▶ [Action item]: Set down every line of the data exactly, skipping the pictures.

▶ [Information supplied]:
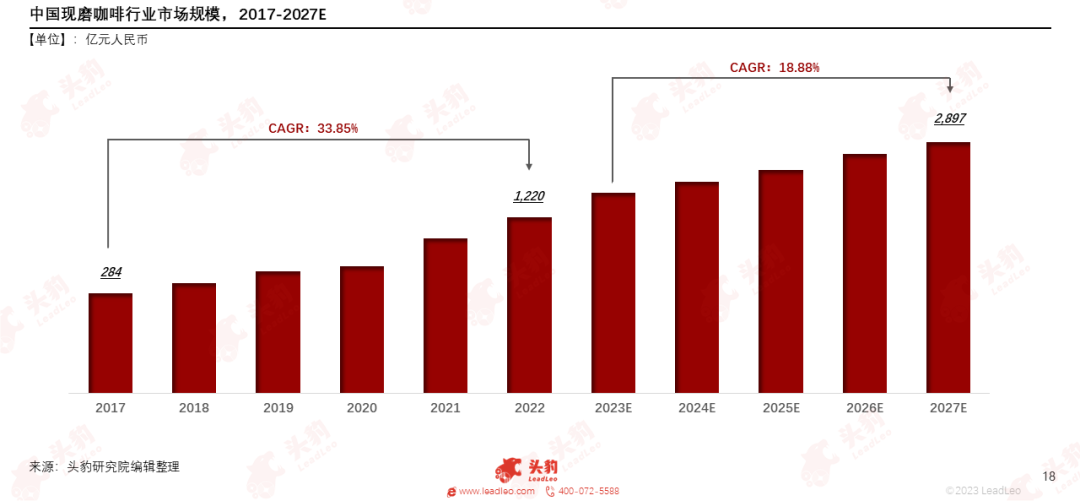 中国的现磨咖啡行业发展前景明朗,开发潜力较大。市场规模由2017年的284亿元增长到2022年的1,220亿元,年复合增长率达33.85%,市场呈现迅猛发展态势。随着人们消费观念的转变以及消费主体的更新,新中式咖啡解锁文化消费需求,加上互联网的宣传,现磨咖啡行业将有望进一步增长。预计2027年市场增长至2,897亿元,5年年复合增长率为18.88%。
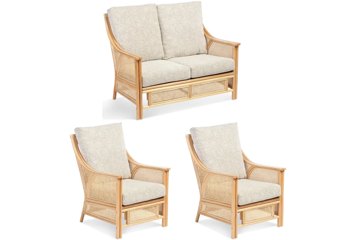 The De Retsehc Natural Cane 2 Seater Suite encapsulates both elegance and comfort, making it a perfect addition to any home. Featuring sweeping laminated arms and a modern chic design, this suite is hand-crafted from natural rattan. The open mesh cane webbing panels with cut-out details at the back and the tied rattan strip detailing enhance its aesthetic appeal, while the robust construction ensures durability.
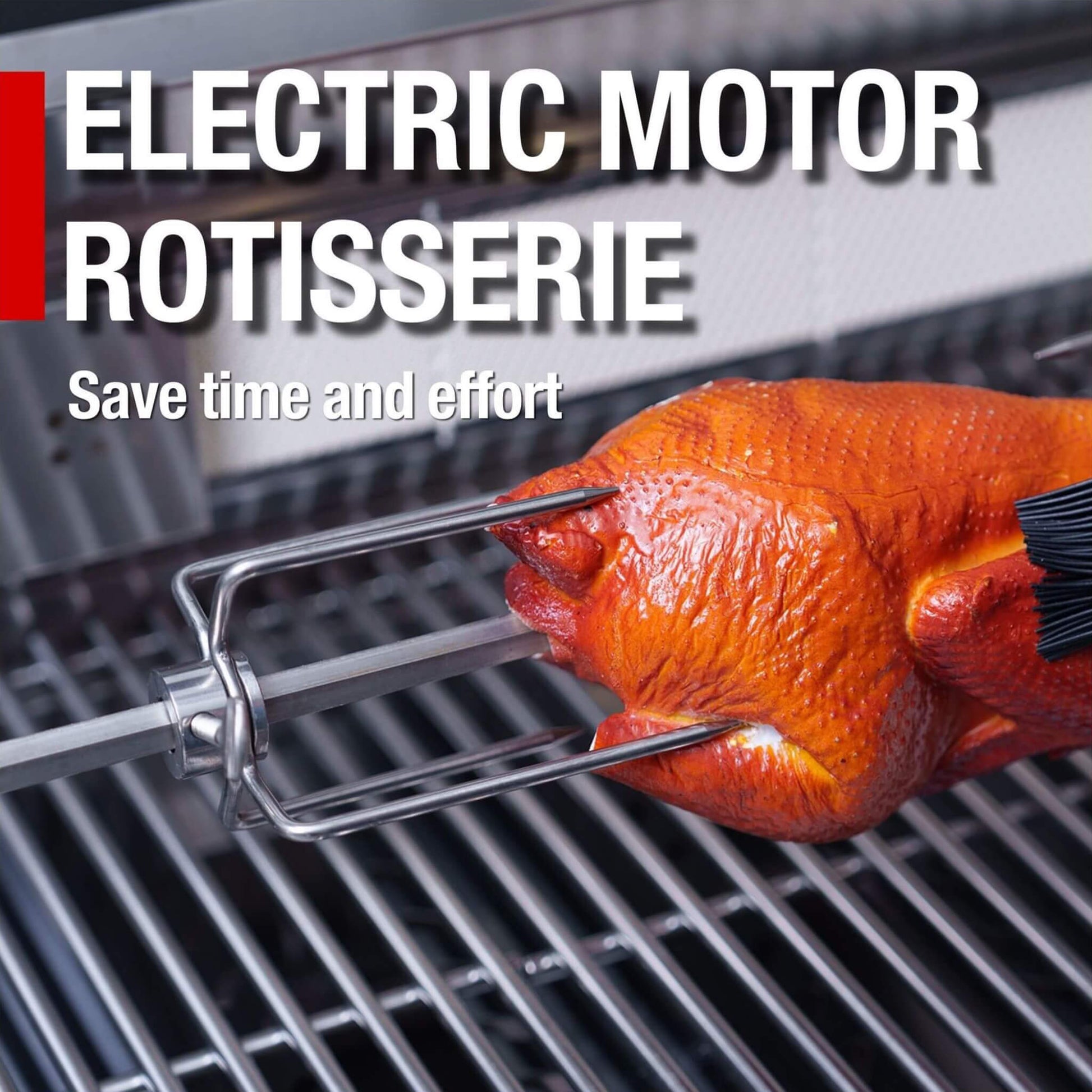 - With 6 burners and a rotisserie, enjoy faster, versatile cooking for large gatherings or family dinners.

▶ [Result]:
 中国的现磨咖啡行业发展前景明朗,开发潜力较大。市场规模由2017年的284亿元增长到2022年的1,220亿元,年复合增长率达33.85%,市场呈现迅猛发展态势。随着人们消费观念的转变以及消费主体的更新,新中式咖啡解锁文化消费需求,加上互联网的宣传,现磨咖啡行业将有望进一步增长。预计2027年市场增长至2,897亿元,5年年复合增长率为18.88%。
 The De Retsehc Natural Cane 2 Seater Suite encapsulates both elegance and comfort, making it a perfect addition to any home. Featuring sweeping laminated arms and a modern chic design, this suite is hand-crafted from natural rattan. The open mesh cane webbing panels with cut-out details at the back and the tied rattan strip detailing enhance its aesthetic appeal, while the robust construction ensures durability.
 - With 6 burners and a rotisserie, enjoy faster, versatile cooking for large gatherings or family dinners.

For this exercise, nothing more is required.